36. An electrophotographic recording apparatus, comprising:
a photosensitive body; a conductive contacting type charger for producing an electrically-charged area on said photosensitive body; an optical writer for forming an electrostatic latent image on the electrically-charged area of said body; a developer for electrostatically developing the electrostatic latent image of said body in an environment of 20-80% (g/kg) relative humidity as a charged visible image with an electrostatically-charged one-component developer; and a transfer member for electrostatically transferring the charged visible image developed by said developer from said body to a recording medium in an environment of 20-80% (g/kg) relative humidity, wherein the developer transfer efficiency is greater than about 80%, wherein said developer includes a conductive developing roller member for entraining the developer to form a developer layer therearound and for bringing the developer layer to said body for the development of the latent image, a conductive regulating blade member resiliently engaged with said developing roller for uniformly regulating a thickness of the developer layer formed therearound, and a charge injection effect member for electrically charging the developer layer by applying a developer bias voltage to said conductive developing roller member and electric energy to said regulating blade member, wherein an average charge density for the developer is in the range of 7-17 μC/g, and wherein said transfer member includes a conductive transfer roller member in contact with said body, and an electric source for applying an electric energy to said conductive transfer roller member to give the recording medium an electric charge having a polarity opposite to that of the charged visible image, during a passage of the recording medium through a nip between said body and said conductive transfer roller member.

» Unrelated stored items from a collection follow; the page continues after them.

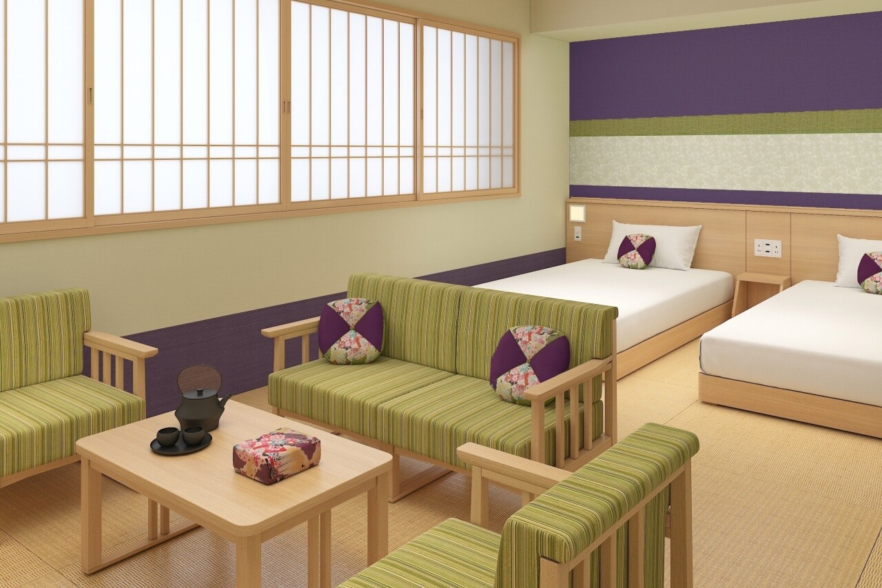 Kumamoto Onyado Nono offers nine spacious family rooms, each furnished with two single beds and two futon mattresses, accommodating up to four people. These rooms can also be used as spacious double suites. (🔎Booking prices and accommodation reviews:agoda|booking.com|Trip|klook)
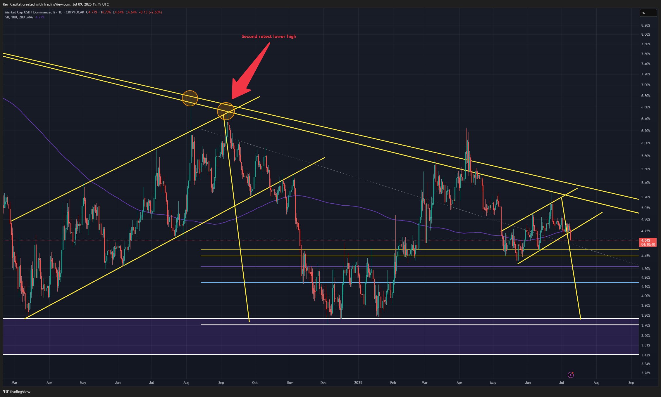 Kevin positioned explicit emphasis on the habits of Tether dominance (USDT.D), the share of crypto market capitalization held within the dollar-pegged stablecoin. The analyst displayed two long-term logarithmic USDT.D charts, every displaying an preliminary sharp decline adopted by what he described as a “rising channel slash bear flag.”
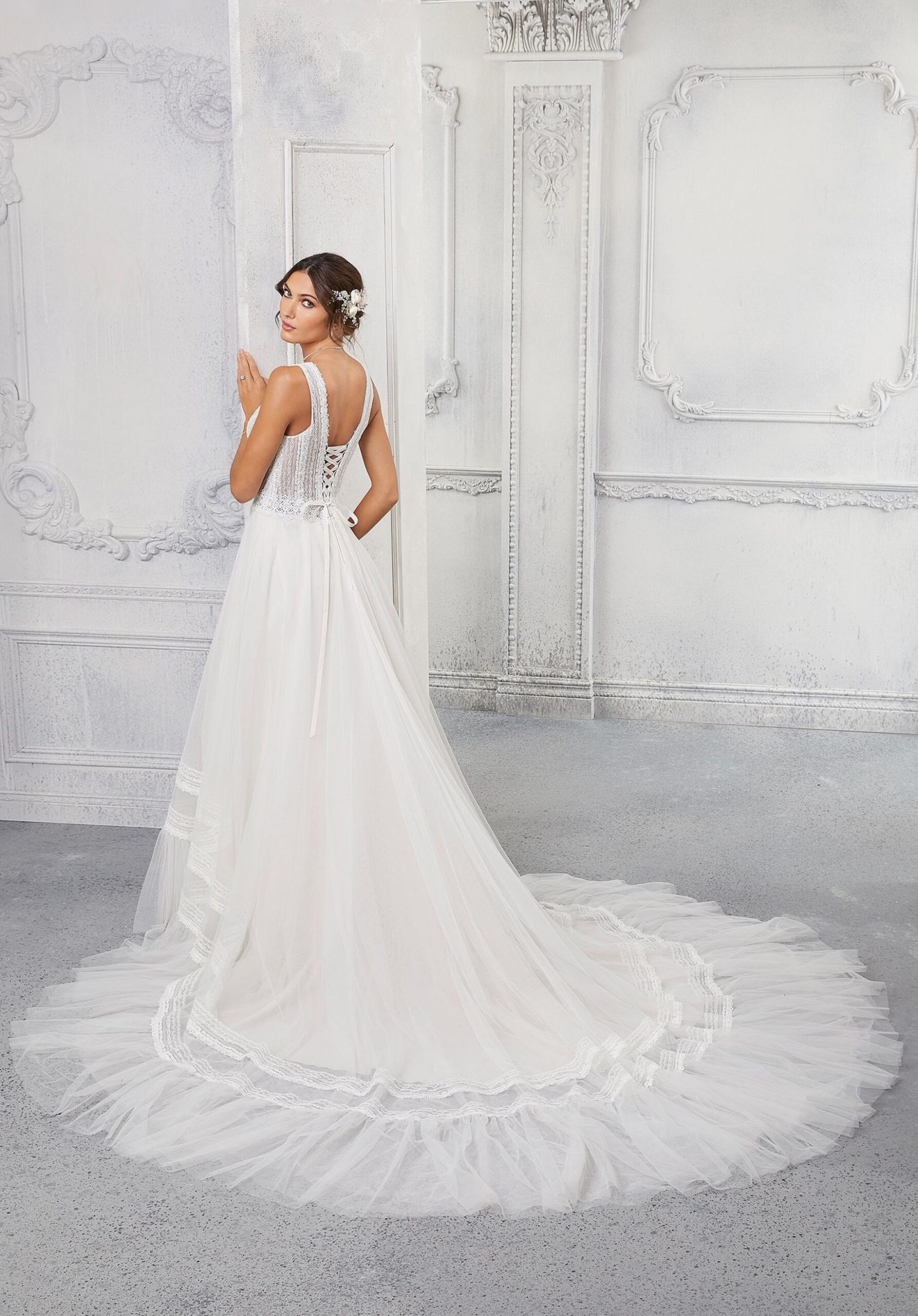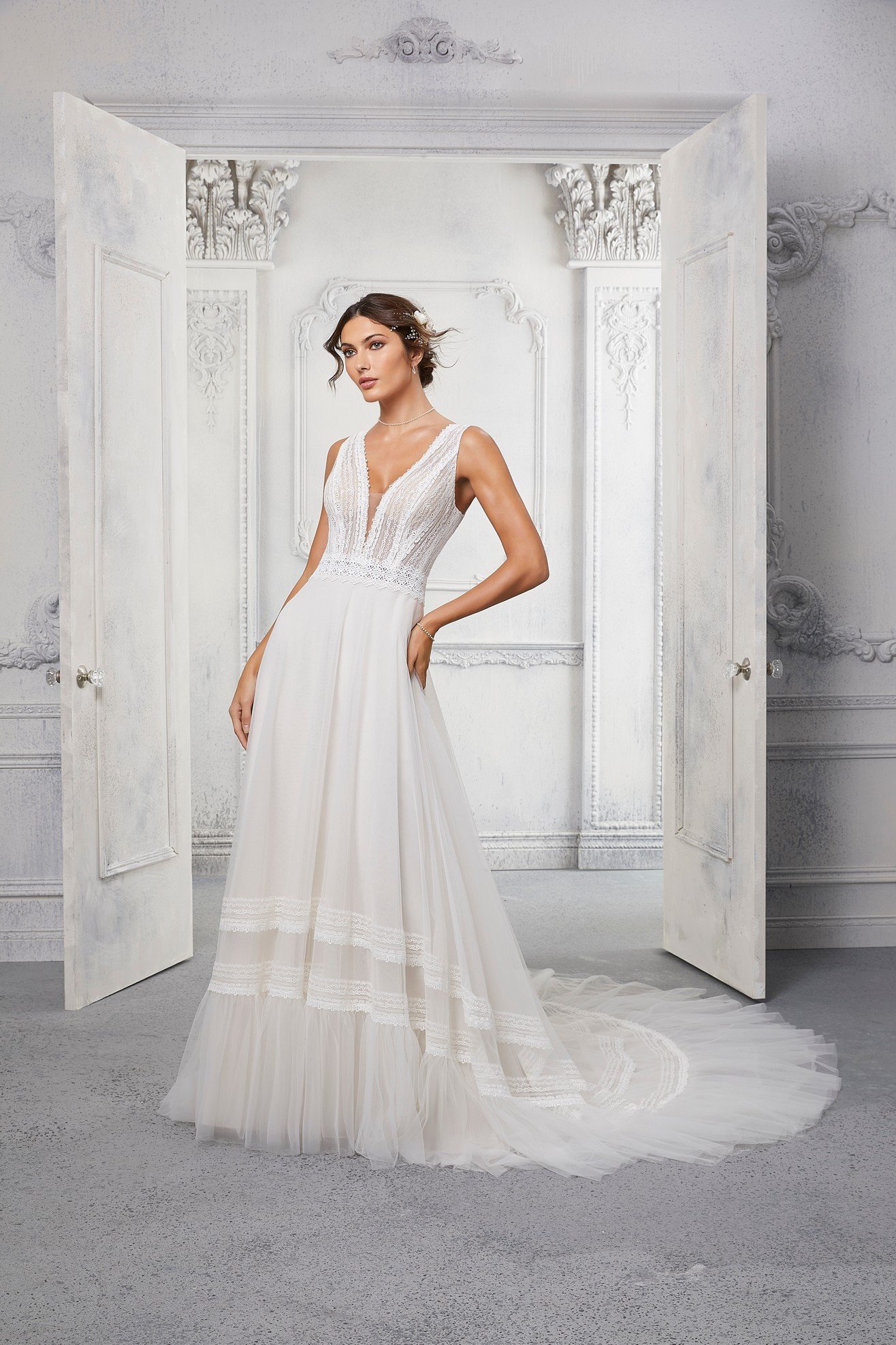 This Clara wedding dress (style 5916) from Morilee is a breath of fresh air. The A-line silhouette floats off the body and the boho-inspired lace bodice provides dainty detail. The frilly, flounced hemline makes this gown perfect for the free-spirited bride.

9. An electrophotographic recording apparatus, comprising:
a photosensitive body; a conductive contacting type charger for producing an electrically-charged area on said photosensitive body; an optical writer for forming an electrostatic latent image on the electrically-charged area of said body; a developer for electrostatically developing the electrostatic latent image of said body in an environment of 20-80% (g/kg) relative humidity as a charged visible image with an electrostatically-charged one-component developer; and a transfer member for electrostatically transferring the charged visible image developed by said developer from said body to a recording medium in an environment of 20-80% (g/kg) relative humidity, wherein the developer transfer efficiency is greater than about 80%, wherein said developer includes a conductive developing roller member for entraining the developer to form a developer layer therearound and for bringing the developer layer to said body for the development of the latent image, a conductive regulating blade member resiliently engaged with said developing roller for uniformly regulating a thickness of the developer layer formed therearound, and a charge injection effect member for electrically charging the developer layer by applying a developer bias voltage to said conductive developing roller member and electric energy to said regulating blade member, wherein said transfer member includes a conductive transfer roller member in contact with said body, and an electric source for applying an electric energy to said conductive transfer roller member to give the recording medium an electric charge having a polarity opposite to that of the charged visible image, during a passage of the recording medium through a nip between said body and said conductive transfer roller member, and wherein an average charge density for the developer is in the range of 7-17 μC/g.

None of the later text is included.